Dataset entries
* * * * * * *

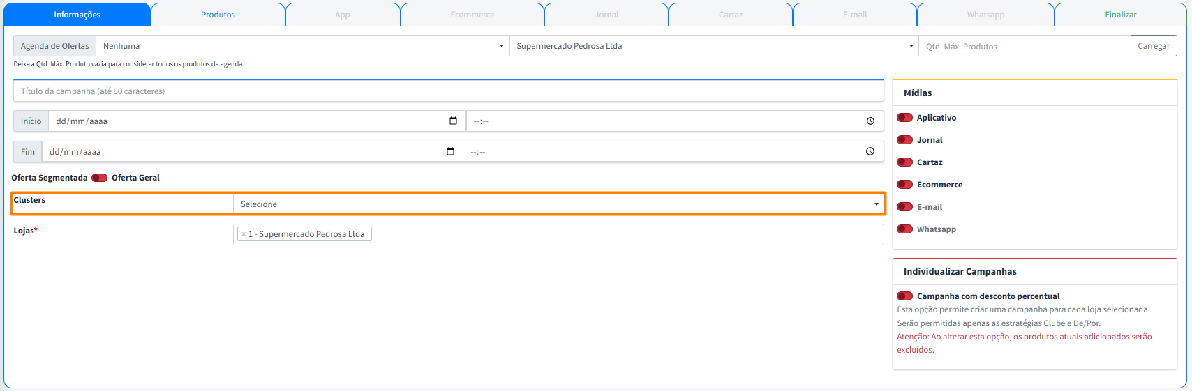 Essa imagem representa o preenchimento da tela de configuração da campanha, com foco na definição de clusters, ferramenta estratégica para personalizar o alcance da ação.
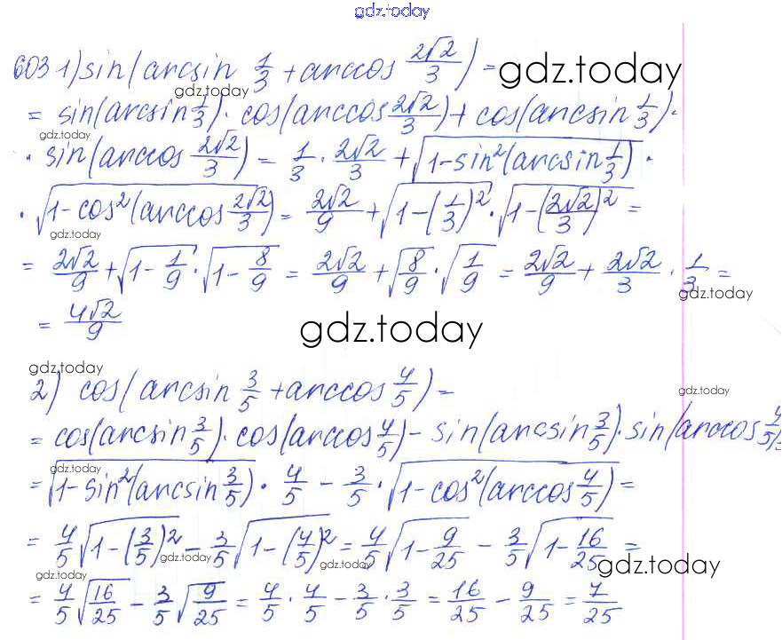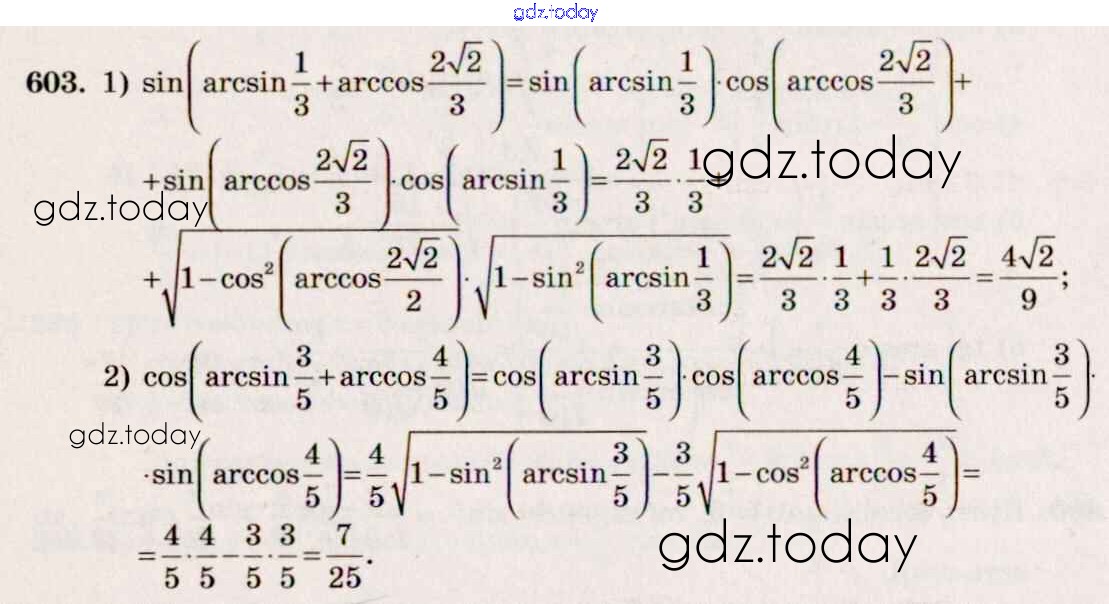 Ответы к Решение к упражнениям 603 Учебнику по Алгебре для 10-11 класса Алимов, Ткачева Базовый и углубленный уровень Просвещение 2015
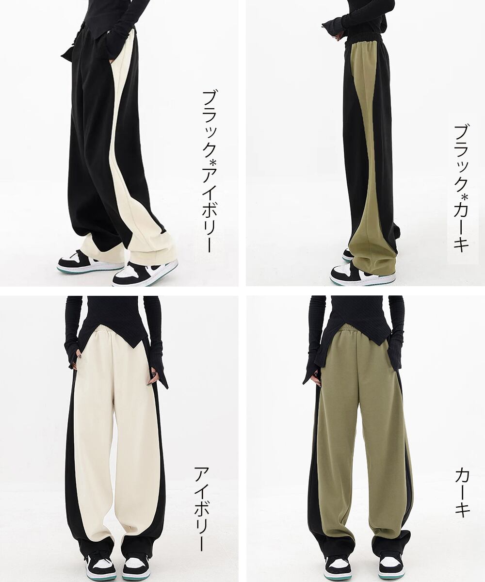 スウェットパンツサイド切り替ワイドパンツ
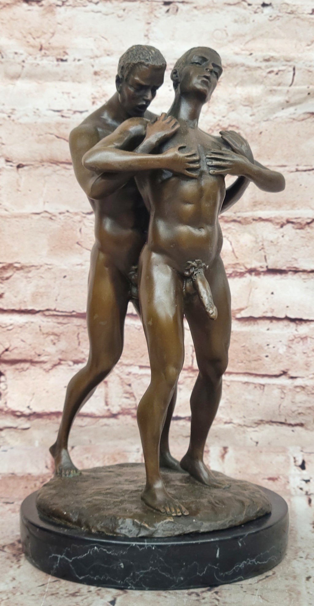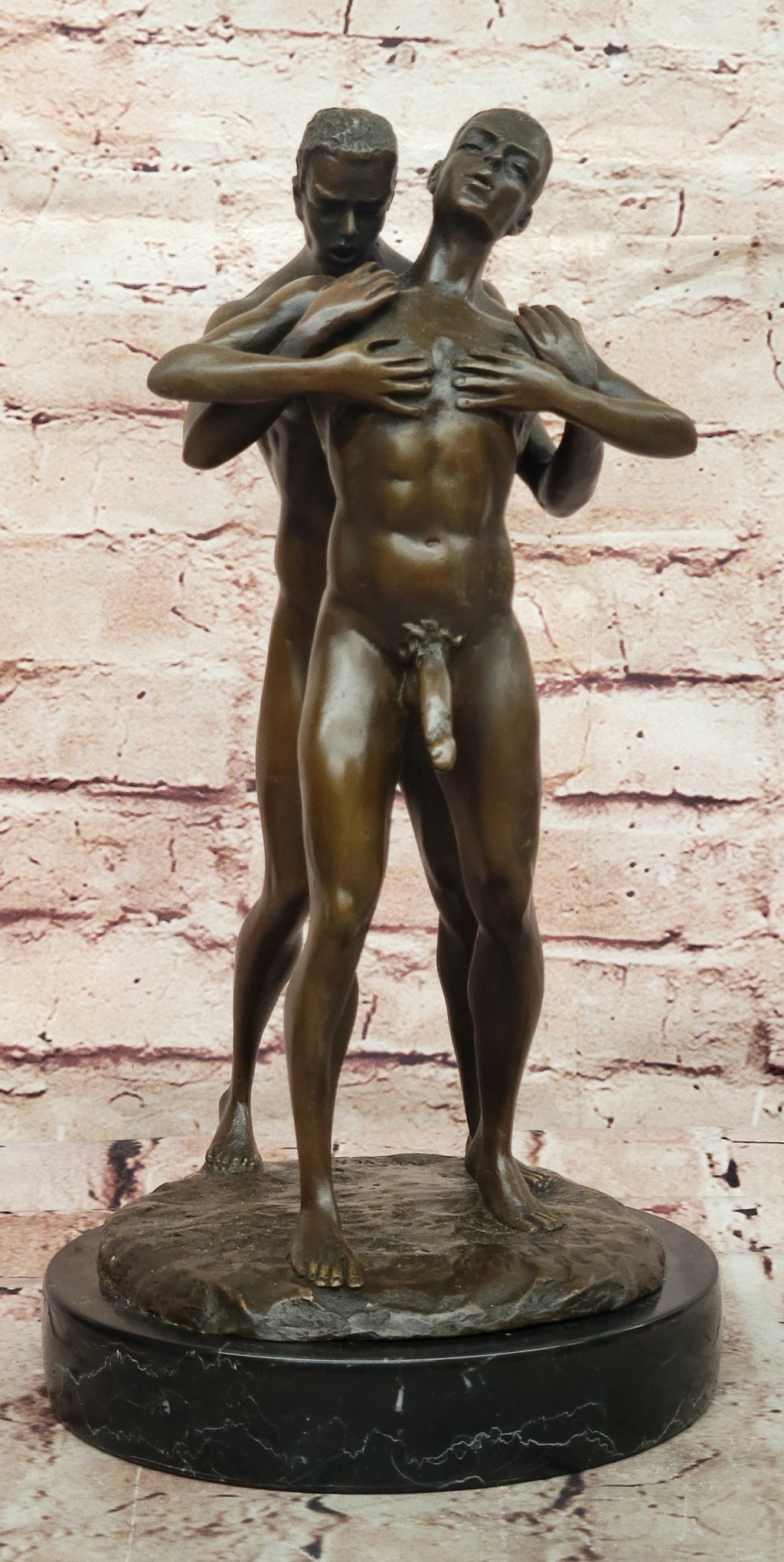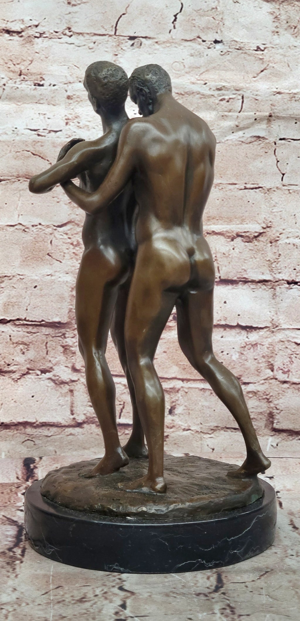 Life's true essence lies in embracing freedom, and these men exemplify that ethos through their unapologetic love. This beautifully detailed sculpture captures their emotions and relationships, providing a poignant representation of homosexual life. The meticulous "Lost Wax Method" casting technique brings out every intricate detail, showcasing the artist's commitment to capturing the authenticity of the moment. Signed by artist Mavchi, this sculpture stands as a tribute to love's unbounded expressions and the pursuit of genuine happiness.
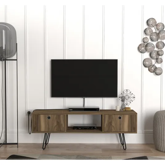 Culoarea de nuc a acestui stand tv adauga o nota de caldura si eleganta spatiului dvs. de locuit. Conceptul sau industrial aduce o vibratie unica si la moda in locuinta dvs., facandu-l piesa centrala perfecta pentru zona dvs. de divertisment.
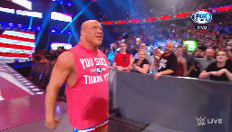 Al final de la primera hora, llega Kurt Angle. Ya no luchará con Rey Mysterio como se esperaba; sólo hablará con los fans.
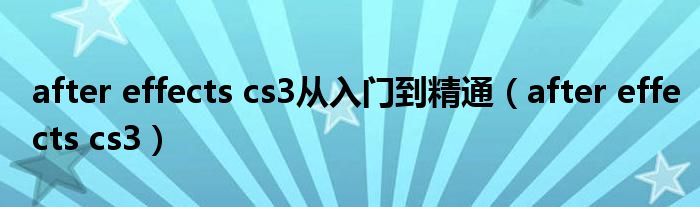 after effects cs3从入门到精通,after effects cs3这个很多人还不知道,小飞来为大家解答以上的问题。现在让我们一起来看看吧!
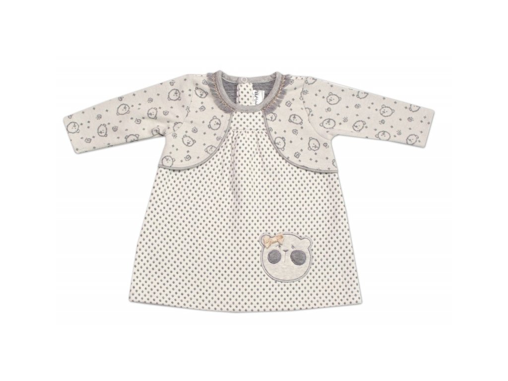 Kojenecké šatičky s bolerkem Lovely Teddy, Minetti - ecru/šedé
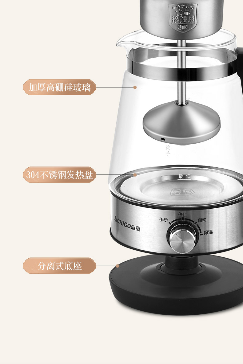 1-литровая модель с ручкой без функции сохранения тепла [бренд Chigo]; 1-литровая модель с ручкой и функцией сохранения тепла [бренд Chigo]; Модель с ручкой объемом 1 литр, с функцией сохранения тепла и двойным фильтром [бренд Chigo]; 1-литровая модель с ручкой без функции сохранения тепла [бренд AUX]; 1-литровая модель с ручкой и термоизоляцией [бренд AUX]
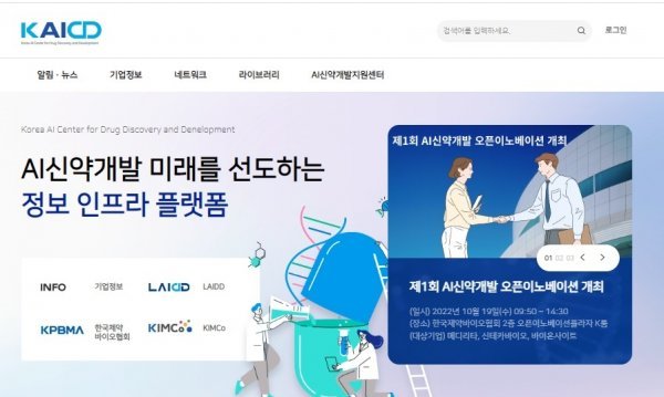 KAICD는 인공지능(AI) 신약개발 관련 정보를 제공하고 산·학·연 협력연구를 촉진하는 온라인 웹사이트다. 인공지능신약개발지원I센터는 제약바이오기업들의 AI 기반 신약개발에 필요한 자료 수집이 어려운 문제점을 개선하기 위해 양질의 관련 정보를 취합한 홈페이지 KAICD를 구축했다. KAICD는 알림 및 뉴스, 기업정보, 네트워크, 라이브러리, 인공지능신약개발지원센터 소개 등으로 구성했다.

* * * * * * *

ASSIGNMENT:
Give back the lines from the one containing "Culoarea de nuc" through the last line of the records above exactly as they appear, both included, and no pictures.

SOLUTION TO THIS EXERCISE:
 Culoarea de nuc a acestui stand tv adauga o nota de caldura si eleganta spatiului dvs. de locuit. Conceptul sau industrial aduce o vibratie unica si la moda in locuinta dvs., facandu-l piesa centrala perfecta pentru zona dvs. de divertisment.
 Al final de la primera hora, llega Kurt Angle. Ya no luchará con Rey Mysterio como se esperaba; sólo hablará con los fans.
 after effects cs3从入门到精通,after effects cs3这个很多人还不知道,小飞来为大家解答以上的问题。现在让我们一起来看看吧!
 Kojenecké šatičky s bolerkem Lovely Teddy, Minetti - ecru/šedé
 1-литровая модель с ручкой без функции сохранения тепла [бренд Chigo]; 1-литровая модель с ручкой и функцией сохранения тепла [бренд Chigo]; Модель с ручкой объемом 1 литр, с функцией сохранения тепла и двойным фильтром [бренд Chigo]; 1-литровая модель с ручкой без функции сохранения тепла [бренд AUX]; 1-литровая модель с ручкой и термоизоляцией [бренд AUX]
 KAICD는 인공지능(AI) 신약개발 관련 정보를 제공하고 산·학·연 협력연구를 촉진하는 온라인 웹사이트다. 인공지능신약개발지원I센터는 제약바이오기업들의 AI 기반 신약개발에 필요한 자료 수집이 어려운 문제점을 개선하기 위해 양질의 관련 정보를 취합한 홈페이지 KAICD를 구축했다. KAICD는 알림 및 뉴스, 기업정보, 네트워크, 라이브러리, 인공지능신약개발지원센터 소개 등으로 구성했다.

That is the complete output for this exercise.